The GAO further concluded there was plenty of blame to go around:
- From 2007 to 2011, the nation’s “prudential regulators” responsible for supervising depository institutions’ compliance with various federal consumer laws, including SCRA – the Federal Reserve, Federal Deposit Insurance Corporation (FDIC), U.S. Office of the Comptroller of the Currency (OCC), and National Credit Union Administration (NCUA) – had reviewed fewer than half the nation’s banks and credit unions for compliance. Of those reviews, only about half had involved an examination of the loan files.
- The other federal agencies involved in SCRA oversight – the Department of Justice (DOJ), the Department of Veterans Affairs (VA), the Federal Housing Administration (FHA), and the Federal Housing Finance Agency (FHFA) – also gather compliance information, but these agencies and the prudential regulators don’t share information among themselves.

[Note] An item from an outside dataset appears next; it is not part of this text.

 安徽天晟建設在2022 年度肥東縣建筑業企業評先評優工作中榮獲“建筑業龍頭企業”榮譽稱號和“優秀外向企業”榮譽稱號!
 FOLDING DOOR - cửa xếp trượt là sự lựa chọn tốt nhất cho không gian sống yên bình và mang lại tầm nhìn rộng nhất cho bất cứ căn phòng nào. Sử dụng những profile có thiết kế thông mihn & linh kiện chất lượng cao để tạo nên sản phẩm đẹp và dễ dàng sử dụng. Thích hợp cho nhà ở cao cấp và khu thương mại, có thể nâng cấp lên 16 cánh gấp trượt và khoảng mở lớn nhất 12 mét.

- The VA, in its oversight of mortgage servicers, does not specifically review for SCRA compliance.
- While SCRA requires that the Department of Defense (DoD) and the Department of Homeland Security (DHS oversees the Coast Guard) inform service members of their SCRA rights, the modes by which this information is delivered often prove insufficient. Military officials said the service members – especially National Guard and Reserve units – often receive SCRA information along with a host of other topics as part of a pre-deployment briefing, and often don’t retain the necessary awareness. Neither DoD nor DHS measure the effectiveness of the SCRA education methods.
GAO’s investigation yielded several recommendations:
- The prudential regulators should work together to increase the frequency with which examiners conduct testing of foreclosure and, when applicable, other mortgage files, and use testing methods that provide specific assurance of SCRA compliance.

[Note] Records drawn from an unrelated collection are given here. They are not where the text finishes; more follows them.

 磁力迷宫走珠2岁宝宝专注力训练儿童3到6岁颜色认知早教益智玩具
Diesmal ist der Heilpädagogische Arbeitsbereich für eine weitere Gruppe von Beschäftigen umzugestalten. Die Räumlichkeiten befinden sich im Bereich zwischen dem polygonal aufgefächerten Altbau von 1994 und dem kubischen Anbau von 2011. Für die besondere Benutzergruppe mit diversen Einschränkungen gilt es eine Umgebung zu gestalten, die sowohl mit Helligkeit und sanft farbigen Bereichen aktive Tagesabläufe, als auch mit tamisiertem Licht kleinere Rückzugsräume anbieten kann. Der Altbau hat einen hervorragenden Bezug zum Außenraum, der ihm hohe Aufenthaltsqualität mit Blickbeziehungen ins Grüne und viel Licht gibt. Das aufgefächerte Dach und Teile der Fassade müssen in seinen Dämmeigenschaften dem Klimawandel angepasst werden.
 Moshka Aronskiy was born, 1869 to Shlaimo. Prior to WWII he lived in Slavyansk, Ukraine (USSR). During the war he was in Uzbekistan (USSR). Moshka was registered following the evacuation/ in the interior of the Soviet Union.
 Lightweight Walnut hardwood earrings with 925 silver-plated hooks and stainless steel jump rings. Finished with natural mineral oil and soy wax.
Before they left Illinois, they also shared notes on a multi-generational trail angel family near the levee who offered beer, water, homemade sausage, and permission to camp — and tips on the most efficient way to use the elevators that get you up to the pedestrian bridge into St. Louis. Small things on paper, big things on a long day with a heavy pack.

- The VA should include SCRA compliance review in its mortgage servicer monitoring program.
- The institutions that regulate and enforce SCRA should share information about SCRA oversight.

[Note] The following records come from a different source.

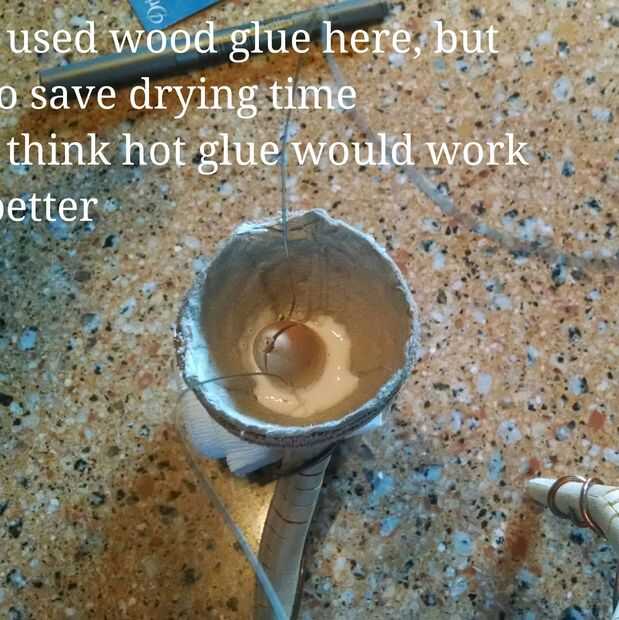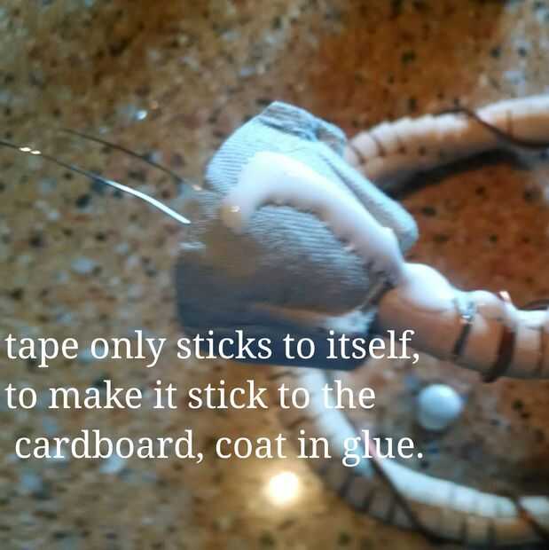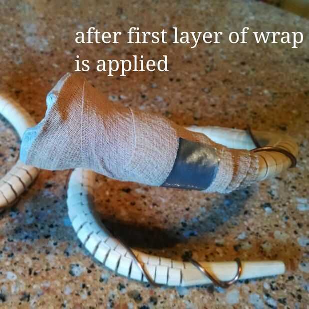parte de campana necesita estar seguro a la madera antes de empezar con la envoltura de la cinta o que resbale todo. Usé pegamento de madera en este, pero tomó un tiempo para secar, así que le sugiere el uso de pegamento caliente. Esta cinta se pega sólo a sí mismo, por lo que necesita la cola cubierta en la cartulina antes de comenzar a añadir la capa de base. pegamento caliente no funcionaría para esto porque sentaría demasiado rápido. la cinta que se muestra es algo que tenía que poner alrededor, era un poco viejo y no quería seguir así, ahí quedaría el pedacito de cinta para asegurarse de que. Conseguí 1 rollo de los blancos, pero sólo porque también tenía lo amarillento. comprar 2 de los blancos, sólo necesita uno de la roja, naranja y amarillo. el material coloreado se hace para envolturas animales vendaje, lo conseguí en la tienda de la granja. también es en línea.
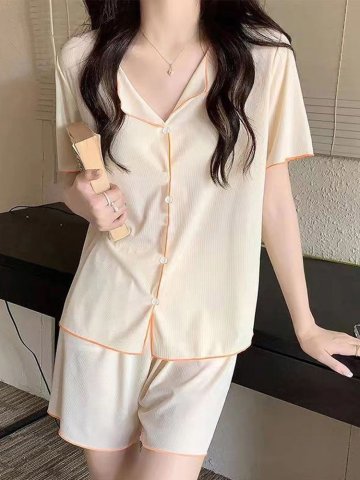 리나 여름잠옷 반팔 반바지 아이스실크 홈웨어 세트
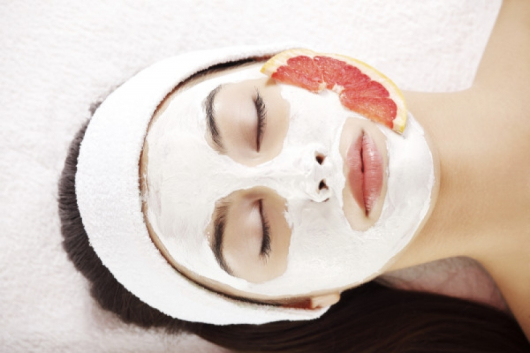 Изстискайте сока от половин грейпфрут. Добавете 2 супени лъжици брашно, 1 супена лъжица кисело мляко и разбъркайте добре. Ако сместа ви се види твърде рядка, може да добавите още брашно. Ако пък се окаже твърде гъста, добавите повече сок. Нанесете сместа върху лицето си и изчакайте 10-15 минути. Изплакнете с хладка вода. Процедурата се повтаря един път седмично.
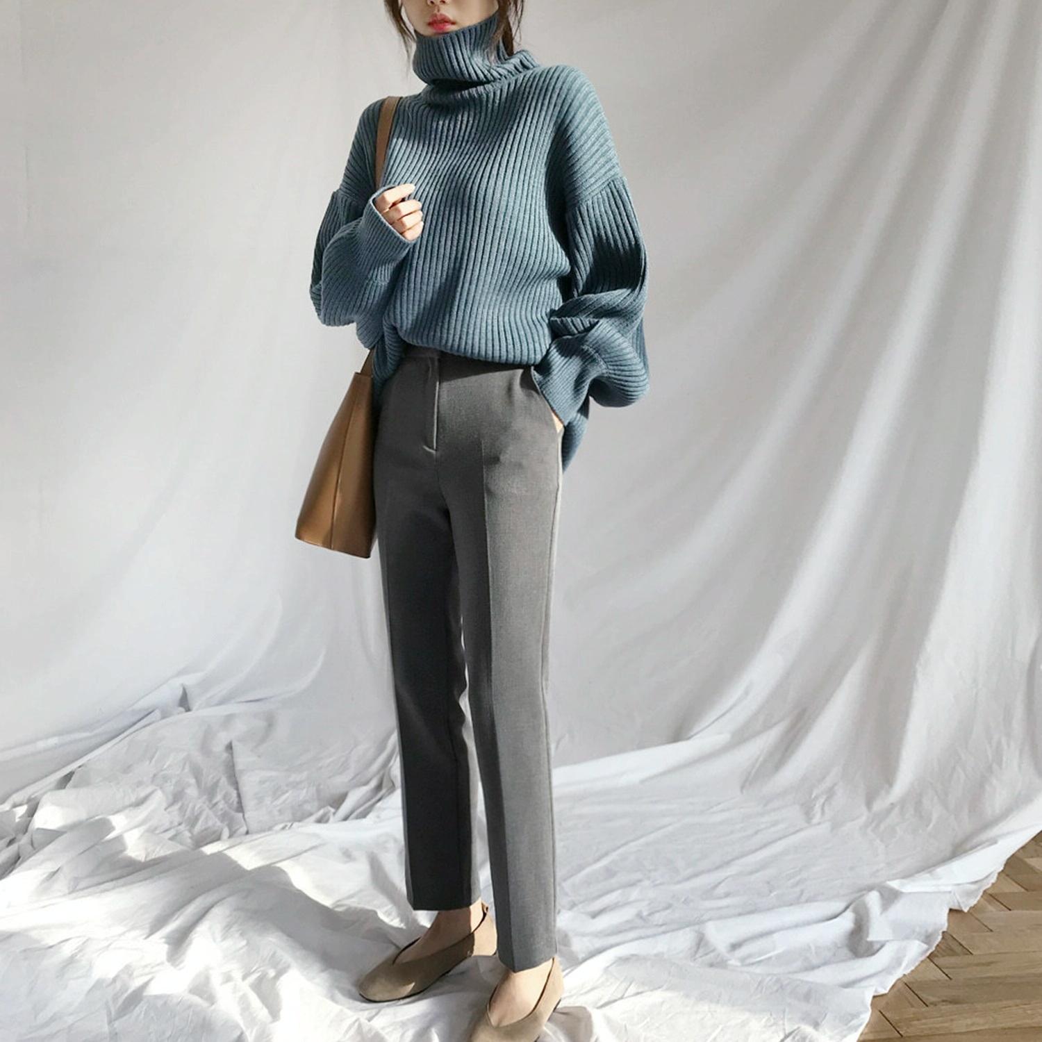 Solid Colour Turtleneck Outer Wear Pullover Casual Sweater Beige – Free Size – Beige Free Size

- DoD and DHS should assess the effectiveness of their efforts to educate service members, and devise better methods for making military members aware of their SCRA rights and benefits.
Into the Sunset
The housing crisis has been particularly hard on military families; in 2008, foreclosures were four times more likely in military towns than elsewhere in America. Between 2008 and 2010, foreclosures in military ZIP codes increased 32 percent.